CIS Benchmark Compliance

Reply to CIS Benchmark Compliance on Fri, 02 Jan 2026 22:24:21 GMT

necrevistonnezr — Fri, 02 Jan 2026 22:24:21 GMT

@charlesnw said in CIS Benchmark Compliance:

Do you use hardened Docker base images?

See the discussion here: https://forum.cloudron.io/topic/14762/docker-hardened-images In short: No, for good reasons (maintenance and standards)

Reply to CIS Benchmark Compliance on Wed, 31 Dec 2025 13:08:09 GMT

charlesnw — Wed, 31 Dec 2025 13:08:09 GMT

As I have said, I'm deploying a FLO stack (with Cloudron at the core) into a startup that I'm building (as CIO/CTO). We have to be CMMC compliant. Making sure Cloudron works on a 100% compliant base system is the first milestone.

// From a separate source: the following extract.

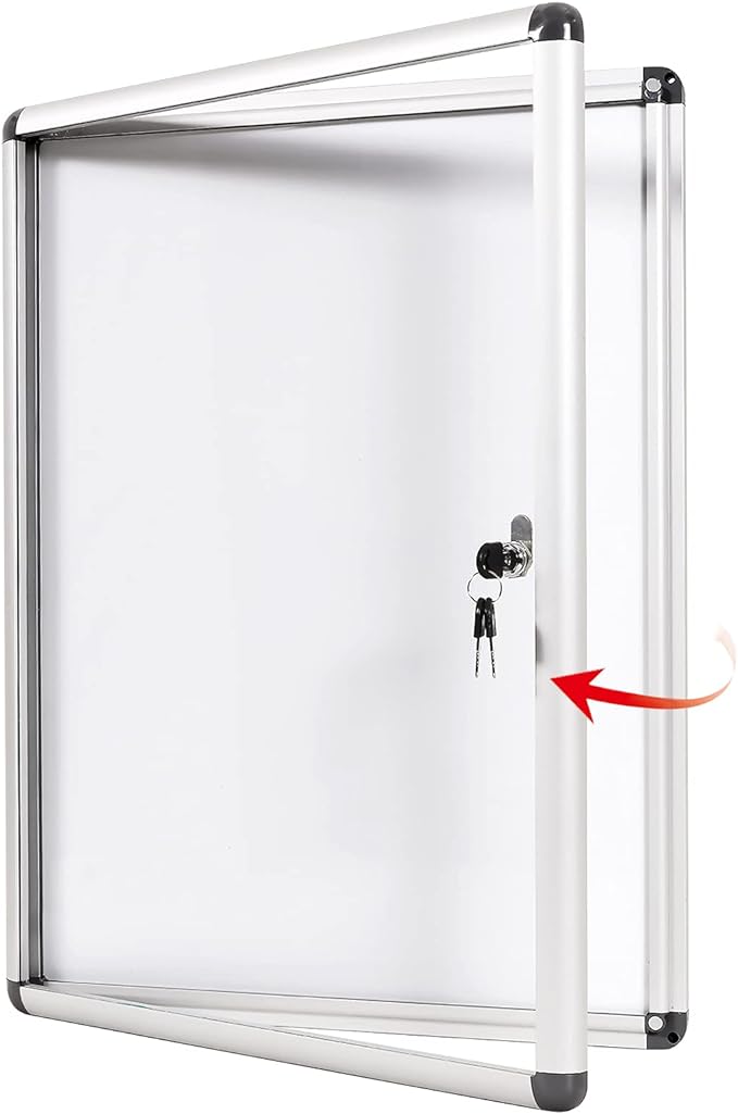 SWANCROWN Locking Bulletin Boards Enclosed Noticeboard White Glass Message Boards Indoor for School Office 38x28inch(9xA4)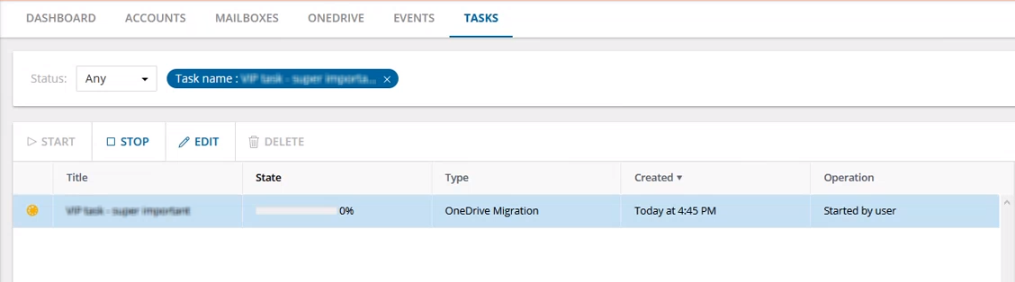 Click the Tasks tab to see the Tasks list. The Tasks list displays all the tasks that are initiated throughout the migration process. From the Tasks list you can:

While you may not consider them issues, they do need to be addressed to be compliant. That's "my problem". If a fully compliant base system causes an issue in Cloudron , that's "our problem".

While you, and many Cloudron users may not care about CMMC/HIPPA/SOC/PCI compliance, I (and my board) do. I'm also building a small side business which will sell Cloudron as a service (pre setup/configured, all applications have admin password changed, admin passwords stored in Bitwarden) (the new Bitwarden SSO makes that possible without bootstrapping issues) and it will have CMMC/SOC/PCI/HIPPA compliance (at the higher tier).

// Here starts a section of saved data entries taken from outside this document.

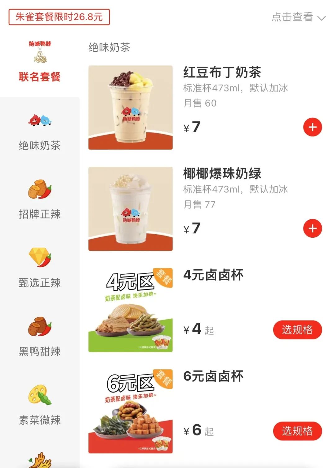 比如在“绝味奶茶”品类下,绝味鸭脖还加入了4元、6元、8元的“卤杯”,口号是“奶茶配卤菜,快乐翻倍”,吸引顾客消费。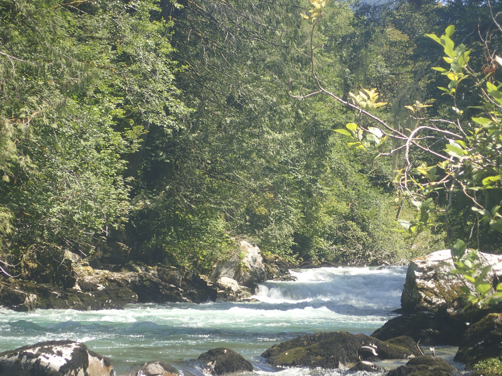 Put-in: Continue up Cascade River Rd for 7.8 miles. Soon after crossing Marble Creek you will see signs for the forest service campground, Marble Creek Campground. Turn right and head down and around to the day use area at the bottom which is in a grass field. Note it does cost $5 (in 2018) to access the river via the day use area.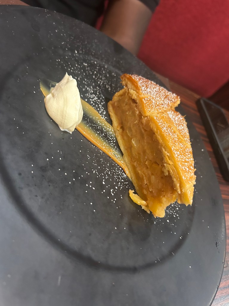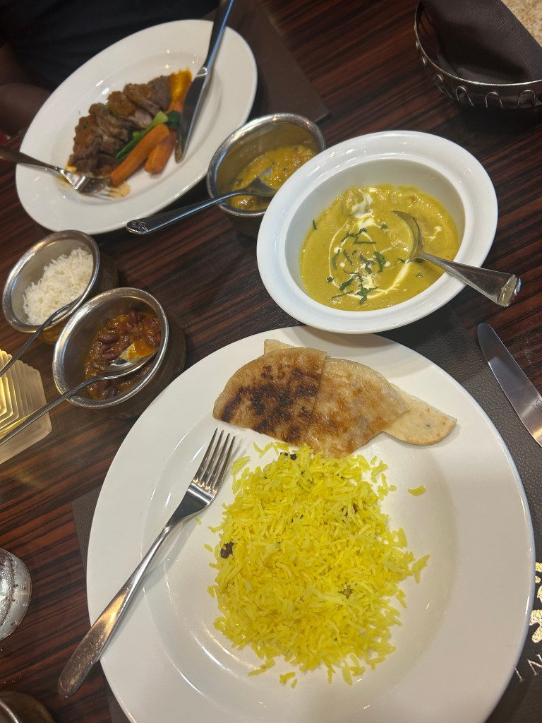 For our main courses, I ordered the Murgh Irani Korma — a beautifully spiced, cardamom-infused chicken korma served with cashew nuts and raisin pilau rice — while my husband had the Akkah Gosht, a roast lamb rump served with keema matar, pak choi, baby carrots, and a rich Rogan jus. Alongside our mains came a selection of dal, vegetable thoran, and Indian breads, which completed the meal perfectly. Everything was absolutely delicious, and the entire experience felt special from start to finish.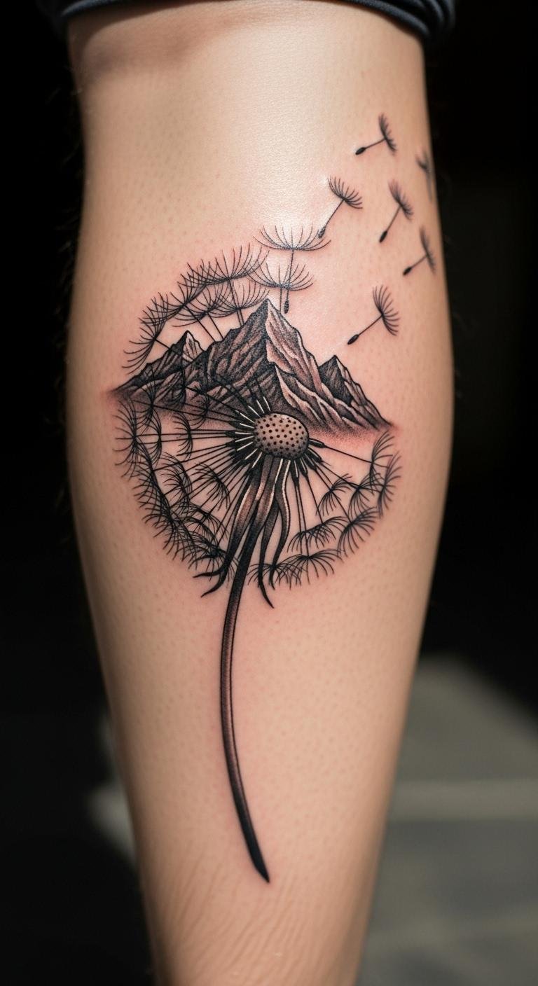 Dandelions with mountains on the calf blend freedom with exploration. Seeds over peaks suggest journeys ahead. Draw simple mountains beside dandelions on paper. Use free landscape templates. Hiking sketches work too. Artists price this at $150. Keep mountains basic to lower costs. Place it on the calf for strength vibes. This idea evokes climbing to freedom. Practice with clay models at home. It’s affordable and fun.

Reply to CIS Benchmark Compliance on Wed, 31 Dec 2025 13:03:57 GMT

charlesnw — Wed, 31 Dec 2025 13:03:57 GMT

As I mentioned, I'll be applying Ansible playbooks to bring the base system to 100% compliance.

I never said these were Cloudron issues. I said that I would be testing Cloudron on a 100% compliant base system and fixing anything that is broken. I don't expect any issues. Because, as you mentioned, these are all base system config tweaks.

Cloudron runs everything 100% in Docker images.

Where I suspect change may be needed, is at the Cloudron container level when I start scanning everything with Trivy.

Do you use hardened Docker base images?

Reply to CIS Benchmark Compliance on Wed, 31 Dec 2025 09:53:00 GMT

joseph — Wed, 31 Dec 2025 09:53:00 GMT

From a quick read it seems most (all?) are just general linux things. Have you tried this on a fresh Ubuntu 24.04 system without Cloudron? Because I suspect most of these "issues" are in that as well. Most of them are not really issues in my eyes atleast.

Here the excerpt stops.